John Battaglia uccise le figlie, pena di morte. Ultime parole all’ex moglie: “Ciao Mary Jean”

di Redazione Blitz
Pubblicato il 6 febbraio 2018 6:30 | Ultimo aggiornamento: 5 febbraio 2018 20:08
John Battaglia uccise le figlie, pena di morte. Ultime parole all'ex moglie: "Ciao Mary Jean"

John Battaglia uccise le figlie, pena di morte. Ultime parole all’ex moglie: “Ciao Mary Jean”

DALLAS – “Ciao, Mary Jean”: è il saluto d’addio di John Battaglia all’ex moglie pochi istanti prima di essere giustiziato per aver ucciso, nel 2001, le loro figlie Liberty, sei anni, e Faith di nove. Battaglia, 62 anni, mentre si preparava all’iniezione letale. alla moglie ha anche detto:”Ci vedremo in seguito. Vai avanti, ti prego”.

L’ex ragioniere uccise a colpi di pistola le figlie di sei e nove anni nella sua abitazione mentre l’ex moglie Mary Jean Pearl ascoltava disperata e impotente al telefono. Gli avvocati avevano presentato un appello alla Corte Suprema degli Stati Uniti per fermare l’esecuzione ma è stato respinto: chiedevano di rivedere il caso poiché la percezione della realtà del cliente “è talmente distorta da non poter essere sottoposto a un’esecuzione”.

Dopo l’iniezione letale, Battaglia ha chiuso gli occhi per alcuni momenti, poi li ha aperti, ha sorriso e chiesto: “Sono ancora vivo?”. Ha fatto un ultimo sorriso ed è spirato, secondo Dallas Morning News. “Ecco, riesco a sentirlo” ha detto prima di rimanere senza respiro e iniziare a rantolare: dopo 20 minuti di agonia è stato dichiarato morto.
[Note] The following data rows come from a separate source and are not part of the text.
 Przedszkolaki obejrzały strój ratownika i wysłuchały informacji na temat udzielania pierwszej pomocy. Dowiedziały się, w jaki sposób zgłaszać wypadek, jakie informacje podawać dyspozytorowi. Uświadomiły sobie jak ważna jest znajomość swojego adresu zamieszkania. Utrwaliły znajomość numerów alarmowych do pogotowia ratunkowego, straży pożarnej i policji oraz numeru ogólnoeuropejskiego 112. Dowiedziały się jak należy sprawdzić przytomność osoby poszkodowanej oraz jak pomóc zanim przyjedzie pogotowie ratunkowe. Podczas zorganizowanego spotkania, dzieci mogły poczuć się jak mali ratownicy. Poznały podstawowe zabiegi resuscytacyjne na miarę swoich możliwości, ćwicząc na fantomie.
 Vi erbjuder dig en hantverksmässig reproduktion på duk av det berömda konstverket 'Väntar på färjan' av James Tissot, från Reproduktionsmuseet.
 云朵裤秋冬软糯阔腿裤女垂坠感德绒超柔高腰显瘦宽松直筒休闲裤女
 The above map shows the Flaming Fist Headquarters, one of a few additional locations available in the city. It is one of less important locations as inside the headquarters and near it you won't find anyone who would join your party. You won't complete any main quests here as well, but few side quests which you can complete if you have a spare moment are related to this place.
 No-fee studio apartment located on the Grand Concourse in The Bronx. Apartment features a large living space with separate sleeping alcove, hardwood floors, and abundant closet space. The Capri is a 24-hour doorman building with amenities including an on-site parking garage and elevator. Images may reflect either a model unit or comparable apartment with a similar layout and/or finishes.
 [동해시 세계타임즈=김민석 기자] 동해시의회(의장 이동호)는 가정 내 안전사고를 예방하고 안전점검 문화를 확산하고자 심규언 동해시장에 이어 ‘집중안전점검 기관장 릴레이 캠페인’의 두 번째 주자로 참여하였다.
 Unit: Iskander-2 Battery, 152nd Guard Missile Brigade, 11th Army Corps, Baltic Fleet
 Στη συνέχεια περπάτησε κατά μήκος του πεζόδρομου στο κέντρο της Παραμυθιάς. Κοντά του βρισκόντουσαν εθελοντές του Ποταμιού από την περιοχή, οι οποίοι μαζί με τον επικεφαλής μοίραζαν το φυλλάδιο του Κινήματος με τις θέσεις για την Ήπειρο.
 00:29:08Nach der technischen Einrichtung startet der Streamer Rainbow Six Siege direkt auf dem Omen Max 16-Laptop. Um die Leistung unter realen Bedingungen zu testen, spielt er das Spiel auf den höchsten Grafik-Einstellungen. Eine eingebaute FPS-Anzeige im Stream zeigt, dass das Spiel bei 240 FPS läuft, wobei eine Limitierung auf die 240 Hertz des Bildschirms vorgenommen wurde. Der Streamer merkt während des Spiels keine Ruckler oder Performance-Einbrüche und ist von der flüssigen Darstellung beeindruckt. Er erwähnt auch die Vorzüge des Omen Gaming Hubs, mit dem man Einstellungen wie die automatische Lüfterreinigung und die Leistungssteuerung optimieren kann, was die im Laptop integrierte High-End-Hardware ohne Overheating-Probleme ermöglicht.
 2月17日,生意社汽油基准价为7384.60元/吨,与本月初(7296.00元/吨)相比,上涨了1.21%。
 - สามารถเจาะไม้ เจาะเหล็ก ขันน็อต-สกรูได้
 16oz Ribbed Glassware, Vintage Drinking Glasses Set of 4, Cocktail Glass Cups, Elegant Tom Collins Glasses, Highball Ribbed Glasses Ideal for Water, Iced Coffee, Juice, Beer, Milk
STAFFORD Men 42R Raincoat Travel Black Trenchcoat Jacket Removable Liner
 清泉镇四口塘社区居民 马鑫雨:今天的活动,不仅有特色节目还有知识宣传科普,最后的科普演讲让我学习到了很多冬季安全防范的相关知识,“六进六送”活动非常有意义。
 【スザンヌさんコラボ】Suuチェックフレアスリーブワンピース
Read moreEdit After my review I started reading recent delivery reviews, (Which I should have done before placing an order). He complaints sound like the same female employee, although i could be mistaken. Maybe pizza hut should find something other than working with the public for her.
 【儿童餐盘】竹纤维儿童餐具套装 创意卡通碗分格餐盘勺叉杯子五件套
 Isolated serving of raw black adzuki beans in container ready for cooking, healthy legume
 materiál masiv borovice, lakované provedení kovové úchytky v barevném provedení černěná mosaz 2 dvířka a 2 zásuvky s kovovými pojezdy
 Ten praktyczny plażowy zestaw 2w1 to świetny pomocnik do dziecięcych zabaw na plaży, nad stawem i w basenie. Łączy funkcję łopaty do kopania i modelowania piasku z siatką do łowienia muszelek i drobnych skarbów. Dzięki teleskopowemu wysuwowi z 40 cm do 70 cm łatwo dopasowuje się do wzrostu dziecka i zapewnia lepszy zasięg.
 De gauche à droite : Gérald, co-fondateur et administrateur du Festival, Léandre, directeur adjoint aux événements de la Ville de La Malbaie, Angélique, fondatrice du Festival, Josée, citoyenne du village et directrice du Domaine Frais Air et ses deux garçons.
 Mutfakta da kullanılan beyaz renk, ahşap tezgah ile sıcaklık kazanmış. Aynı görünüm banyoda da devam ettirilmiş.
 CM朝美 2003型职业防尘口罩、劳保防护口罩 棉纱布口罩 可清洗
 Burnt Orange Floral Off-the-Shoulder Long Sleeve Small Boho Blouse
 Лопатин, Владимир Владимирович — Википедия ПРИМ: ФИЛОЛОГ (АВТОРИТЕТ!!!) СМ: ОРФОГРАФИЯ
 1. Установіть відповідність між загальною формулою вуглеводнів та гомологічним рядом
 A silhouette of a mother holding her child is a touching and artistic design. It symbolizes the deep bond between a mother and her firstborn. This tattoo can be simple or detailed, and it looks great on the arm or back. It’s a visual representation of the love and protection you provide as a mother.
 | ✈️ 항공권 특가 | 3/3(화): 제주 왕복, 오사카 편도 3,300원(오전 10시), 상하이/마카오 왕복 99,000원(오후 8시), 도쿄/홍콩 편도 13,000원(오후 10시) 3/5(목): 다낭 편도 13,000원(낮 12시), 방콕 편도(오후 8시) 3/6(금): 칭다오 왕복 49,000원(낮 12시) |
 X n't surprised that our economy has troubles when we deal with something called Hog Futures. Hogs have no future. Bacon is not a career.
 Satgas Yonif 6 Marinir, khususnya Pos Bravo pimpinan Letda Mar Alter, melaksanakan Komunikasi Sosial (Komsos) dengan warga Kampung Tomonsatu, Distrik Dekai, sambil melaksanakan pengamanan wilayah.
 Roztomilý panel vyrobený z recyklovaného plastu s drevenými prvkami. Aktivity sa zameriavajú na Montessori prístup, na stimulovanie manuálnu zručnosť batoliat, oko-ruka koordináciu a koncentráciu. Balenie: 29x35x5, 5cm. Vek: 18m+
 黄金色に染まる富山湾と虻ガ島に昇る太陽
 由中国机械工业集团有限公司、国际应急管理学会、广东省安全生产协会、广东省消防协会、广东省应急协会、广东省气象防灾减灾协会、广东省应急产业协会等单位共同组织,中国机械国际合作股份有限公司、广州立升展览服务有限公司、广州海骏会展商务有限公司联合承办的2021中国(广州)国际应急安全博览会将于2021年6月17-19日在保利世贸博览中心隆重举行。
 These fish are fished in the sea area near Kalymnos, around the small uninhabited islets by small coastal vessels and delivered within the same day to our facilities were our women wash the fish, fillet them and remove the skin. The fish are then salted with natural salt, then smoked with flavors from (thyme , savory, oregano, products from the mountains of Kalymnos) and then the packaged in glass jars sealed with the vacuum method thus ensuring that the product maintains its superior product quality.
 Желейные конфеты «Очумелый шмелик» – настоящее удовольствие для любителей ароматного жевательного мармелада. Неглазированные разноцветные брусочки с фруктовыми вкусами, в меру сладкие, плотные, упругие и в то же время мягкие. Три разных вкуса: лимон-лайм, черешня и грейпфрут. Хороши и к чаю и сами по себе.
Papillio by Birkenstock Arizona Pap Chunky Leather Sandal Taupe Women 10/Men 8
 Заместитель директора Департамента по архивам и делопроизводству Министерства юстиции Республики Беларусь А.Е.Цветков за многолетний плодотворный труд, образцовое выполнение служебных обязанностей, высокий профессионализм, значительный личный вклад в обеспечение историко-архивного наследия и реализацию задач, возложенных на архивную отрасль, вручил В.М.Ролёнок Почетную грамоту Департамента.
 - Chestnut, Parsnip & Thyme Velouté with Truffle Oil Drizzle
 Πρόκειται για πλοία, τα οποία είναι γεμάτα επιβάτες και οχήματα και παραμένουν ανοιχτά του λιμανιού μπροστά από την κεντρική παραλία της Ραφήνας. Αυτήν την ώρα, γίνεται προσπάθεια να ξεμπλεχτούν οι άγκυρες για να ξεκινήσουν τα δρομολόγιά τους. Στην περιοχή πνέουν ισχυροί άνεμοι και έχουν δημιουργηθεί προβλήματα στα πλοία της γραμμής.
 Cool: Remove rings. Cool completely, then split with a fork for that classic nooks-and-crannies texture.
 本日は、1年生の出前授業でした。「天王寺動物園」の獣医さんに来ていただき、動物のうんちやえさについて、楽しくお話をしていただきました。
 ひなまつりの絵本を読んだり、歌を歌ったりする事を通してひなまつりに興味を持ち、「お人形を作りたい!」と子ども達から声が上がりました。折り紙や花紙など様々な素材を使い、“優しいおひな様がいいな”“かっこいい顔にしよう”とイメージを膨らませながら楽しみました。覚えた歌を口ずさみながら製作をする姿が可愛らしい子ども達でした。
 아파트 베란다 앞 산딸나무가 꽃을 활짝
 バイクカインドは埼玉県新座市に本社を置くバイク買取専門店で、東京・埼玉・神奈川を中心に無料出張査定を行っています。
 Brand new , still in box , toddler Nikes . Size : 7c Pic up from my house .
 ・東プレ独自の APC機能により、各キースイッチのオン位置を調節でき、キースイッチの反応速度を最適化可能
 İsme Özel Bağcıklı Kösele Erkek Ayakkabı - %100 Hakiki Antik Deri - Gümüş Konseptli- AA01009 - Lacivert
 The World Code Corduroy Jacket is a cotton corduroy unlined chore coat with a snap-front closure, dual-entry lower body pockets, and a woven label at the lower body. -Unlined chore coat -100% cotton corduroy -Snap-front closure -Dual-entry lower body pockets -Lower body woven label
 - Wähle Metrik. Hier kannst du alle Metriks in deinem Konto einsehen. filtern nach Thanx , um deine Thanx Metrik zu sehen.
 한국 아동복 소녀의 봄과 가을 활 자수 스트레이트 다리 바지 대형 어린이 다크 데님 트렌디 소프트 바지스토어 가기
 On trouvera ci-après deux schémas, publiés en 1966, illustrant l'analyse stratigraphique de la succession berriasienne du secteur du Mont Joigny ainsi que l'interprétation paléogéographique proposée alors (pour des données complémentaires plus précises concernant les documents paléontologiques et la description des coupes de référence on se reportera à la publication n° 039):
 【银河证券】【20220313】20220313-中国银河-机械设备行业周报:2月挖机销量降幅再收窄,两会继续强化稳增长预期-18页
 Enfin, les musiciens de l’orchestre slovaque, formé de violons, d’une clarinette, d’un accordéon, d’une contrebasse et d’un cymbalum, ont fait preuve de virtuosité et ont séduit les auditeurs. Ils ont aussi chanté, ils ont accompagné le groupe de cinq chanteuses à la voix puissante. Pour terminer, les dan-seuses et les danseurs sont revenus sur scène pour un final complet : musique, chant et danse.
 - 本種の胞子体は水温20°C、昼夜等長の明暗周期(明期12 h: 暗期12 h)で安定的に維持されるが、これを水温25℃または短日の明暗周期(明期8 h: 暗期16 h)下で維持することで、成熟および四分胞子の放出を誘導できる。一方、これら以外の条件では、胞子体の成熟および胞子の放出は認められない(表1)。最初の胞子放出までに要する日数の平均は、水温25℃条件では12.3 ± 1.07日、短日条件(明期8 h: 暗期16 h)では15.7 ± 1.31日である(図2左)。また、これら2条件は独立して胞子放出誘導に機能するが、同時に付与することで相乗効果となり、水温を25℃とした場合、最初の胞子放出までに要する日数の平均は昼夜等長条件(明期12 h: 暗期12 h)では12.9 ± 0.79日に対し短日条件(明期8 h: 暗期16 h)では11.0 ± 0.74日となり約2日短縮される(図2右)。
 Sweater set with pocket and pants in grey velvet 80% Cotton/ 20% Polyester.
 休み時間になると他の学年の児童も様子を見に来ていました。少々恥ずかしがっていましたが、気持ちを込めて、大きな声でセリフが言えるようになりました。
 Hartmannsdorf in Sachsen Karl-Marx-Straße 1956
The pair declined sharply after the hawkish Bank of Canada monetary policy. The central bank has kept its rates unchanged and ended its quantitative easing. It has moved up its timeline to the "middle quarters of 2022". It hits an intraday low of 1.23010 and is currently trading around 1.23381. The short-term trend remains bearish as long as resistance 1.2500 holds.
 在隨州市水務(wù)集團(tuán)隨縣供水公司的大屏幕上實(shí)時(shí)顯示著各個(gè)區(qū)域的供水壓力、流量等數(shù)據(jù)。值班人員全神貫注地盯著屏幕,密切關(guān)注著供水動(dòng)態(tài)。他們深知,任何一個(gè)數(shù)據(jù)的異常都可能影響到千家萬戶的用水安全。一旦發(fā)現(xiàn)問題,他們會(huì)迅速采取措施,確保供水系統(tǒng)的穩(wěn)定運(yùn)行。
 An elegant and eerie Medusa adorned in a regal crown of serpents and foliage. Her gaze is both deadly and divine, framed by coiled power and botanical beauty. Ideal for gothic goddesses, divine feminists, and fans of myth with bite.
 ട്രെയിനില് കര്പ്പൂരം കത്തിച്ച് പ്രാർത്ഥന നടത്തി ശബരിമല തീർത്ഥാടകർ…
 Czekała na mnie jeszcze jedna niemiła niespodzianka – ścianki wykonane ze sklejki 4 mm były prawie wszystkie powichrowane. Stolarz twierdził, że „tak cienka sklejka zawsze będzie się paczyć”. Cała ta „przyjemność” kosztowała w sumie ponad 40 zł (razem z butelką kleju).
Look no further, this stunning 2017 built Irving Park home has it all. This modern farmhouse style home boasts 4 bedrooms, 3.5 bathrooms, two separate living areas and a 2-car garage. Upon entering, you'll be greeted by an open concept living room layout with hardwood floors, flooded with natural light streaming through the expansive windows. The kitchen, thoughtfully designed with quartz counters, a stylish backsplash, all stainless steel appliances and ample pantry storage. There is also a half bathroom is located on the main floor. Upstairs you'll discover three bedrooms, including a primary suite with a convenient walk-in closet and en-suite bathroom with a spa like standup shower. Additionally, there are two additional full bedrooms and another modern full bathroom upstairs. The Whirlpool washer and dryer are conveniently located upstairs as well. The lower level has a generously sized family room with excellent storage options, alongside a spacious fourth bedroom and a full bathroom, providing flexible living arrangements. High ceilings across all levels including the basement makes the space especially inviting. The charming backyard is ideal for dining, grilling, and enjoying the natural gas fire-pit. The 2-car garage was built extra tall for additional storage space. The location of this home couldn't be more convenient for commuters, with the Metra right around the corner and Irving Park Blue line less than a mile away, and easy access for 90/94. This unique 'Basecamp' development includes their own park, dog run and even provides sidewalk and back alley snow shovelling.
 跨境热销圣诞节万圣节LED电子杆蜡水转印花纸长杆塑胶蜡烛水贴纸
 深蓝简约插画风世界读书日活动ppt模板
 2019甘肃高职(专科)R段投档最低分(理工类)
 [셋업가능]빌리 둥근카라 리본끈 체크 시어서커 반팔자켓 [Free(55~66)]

“Ho visto abbastanza”, ha detto l’ex moglie mentre si allontanava dalla vetrata che la separava da Battaglia, ha riferito l’Associated Press. Dall’inizio dell’anno, Battaglia è il terzo detenuto messo a morte e le tre esecuzioni sono avvenute in Texas.

La coppia aveva divorziato un anno prima degli omicidi e la Pearl, il giorno in cui Battaglia ha assassinato Liberty e Faith, stava cercando di farlo arrestare per aver violato un ordine restrittivo nei suoi confronti. Quella sera, nel maggio 2001, Battaglia avrebbe dovuto cenare con le due figlie, la polizia lo informò che aveva violato l’ordine e doveva consegnarsi, come confermano gli atti del tribunale.

Quando le bambine arrivarono nel suo appartamento a Dallas chiamò la moglie al telefono e la mise in ascolto. Faith chiese: “Mammina, perché vuoi che papà vada in prigione?” e qualche secondo dopo la Pearl ha detto di aver sentito sua figlia dire:”No, papà, per favore non farlo, non farlo”.

La Pearl sentì degli spari e delle urla. Le bambine furono colpite più volte e successivamente trovate senza vita, riferì la polizia. Secondo gli atti del tribunale, Battaglia dopo aver ucciso le figlie si recò in un bar con la fidanzata; in seguito fu arrestato in un negozio di tatuaggi mentre si stava tatuando delle rose in ricordo di Faith e Liberty.

Nel 2002, una giuria lo condannò nel giro di 20 minuti. Gli esperti, dopo averlo esaminato, conclusero che soffriva di un “delirio di persecuzione” ma i pubblici ministeri sostennero che Battaglia era consapevole dei crimini commessi e dunque poteva essere giustiziato.